农垦旧事: 殉职在西大滩前进农场的日本侨民
来源:《口述宁夏》
1952年7月西北军区农业建设第一师,开赴西大滩,开荒造田,建设农场。
据自治区档案馆《农建第一师类》记载,1953年12月农建一师安置东北日侨工程技术人员46人。除师部司令部安置5名和师部休养所安置了3名之外,剩余的38人,全部安置在了农建一师的三个团和修理厂的所在地——西大滩,其中一团安置6名、二团安置7名、三团安置6名、修理连安置19名。
据了解,这些日侨是抗日战争结束,因为政治等各种原因不能或不愿回国,一直滞留在中国,而没有返回日本的各类专业技术人员。分配到西大滩农建一师各个部队的,大都是机修、电气、医务、农林和畜牧饲养方面的技术人员。
这些日本侨民,有战俘,还有抗日战争时期参加反战同盟的,还有在东北居住的日本垦荒团的人员,官方统称这些人员为东北日侨工程技术人员。
1953年12月129人被安置在宁夏的国营农场,农建一师(现在前进农场)安置了46人,灵武农场安置了40人。
据1954年甘肃国营机械化农场管理局政治部文件记载,(那时宁夏归甘肃管辖)这些日侨人员分布在农建一师所属的各个部队以后,因为他们有技术有手艺,每一个团有一个机耕队和畜牧队,把机械修理技术人员分配在机耕队,畜牧兽医专业的技术人员分配在畜牧队,都分配到相应的工作岗位。
对待这些曾经与中国人民为敌的侨民,中国人民不计前嫌,以宽大的胸怀接纳了他们。
他们来到西大滩以后,部队立即把用做战士们学习文化的干打垒教室腾出来,供他们集体住宿。他们也没有因教室简陋而埋怨发牢骚。当时给他们的待遇很高,每人每月88元的工资,粮油供应也比我们战士高,而我们农建一师的战士每人每月津贴才6元,5年军龄以上的战士才8元。他们因为工资高经常到西大滩农场附近的姚伏乡及附近农村,花上块儿八毛的,买只鸡来改善生活。
农建一师在西大滩的开荒造田,开渠挖沟的建设中,主要生产工具就是人拉肩扛和骡马牲畜了,还有少量的8台拖拉机、1台收割机和42件大型农机具。这些生产工具就是农建一师的家底和宝贝。

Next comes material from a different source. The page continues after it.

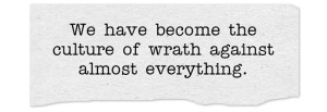 I can’t recall any extended time in my life when the country has been so plagued by anger. Whether it’s valid or not, anger is the most prominent emotion being seen, heard, and felt today. We have become the culture of both real and pretended wrath against almost
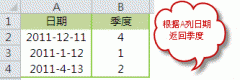 文章解释excel返回季度的五种公式写法,都可以返回日期对应季度。 下面是excel返回季度的一个公式用法总结,如下图所示,根据A列的日期,返回对应的季度。 excel返回季度公式一: =ROUNDUP(MONTH(A2)/3,0) 解释:MONTH(A2),结果为12。MONTH函数的用法是返回日期中的月份,它是介于 1(一月)和12(十二月)之间的整数。 MONTH...

这些日侨工程技术人员都有一定的专业技术,他们工作认真,技术水平精湛。在农场作业的各种农业机械出现了故障,牲畜出现了疾病,在他们的手里,信手拈来,处理的妥妥当当,就像他们的到来,专门是为了这些宝贝而来的一样。
当时与这些侨民相处的部队战士王贵同志说,那时农建一师各个连队都有马匹,只要牲畜有病他们就立马出诊。王贵同志亲眼见过一个名叫清水的日本兽医,发现一匹马大便不畅,精神萎靡不振,便挽起袖子把手伸进马的肛门内为其排粪便,没有多时,这匹马就精神了起来,让看到这一场面的部队指战员,目瞪口呆,佩服的五体投地。这些日侨工程技术人员在西大滩期间为部队农场培养了一批技术人才,这些人后来都成为了农场的技术骨干。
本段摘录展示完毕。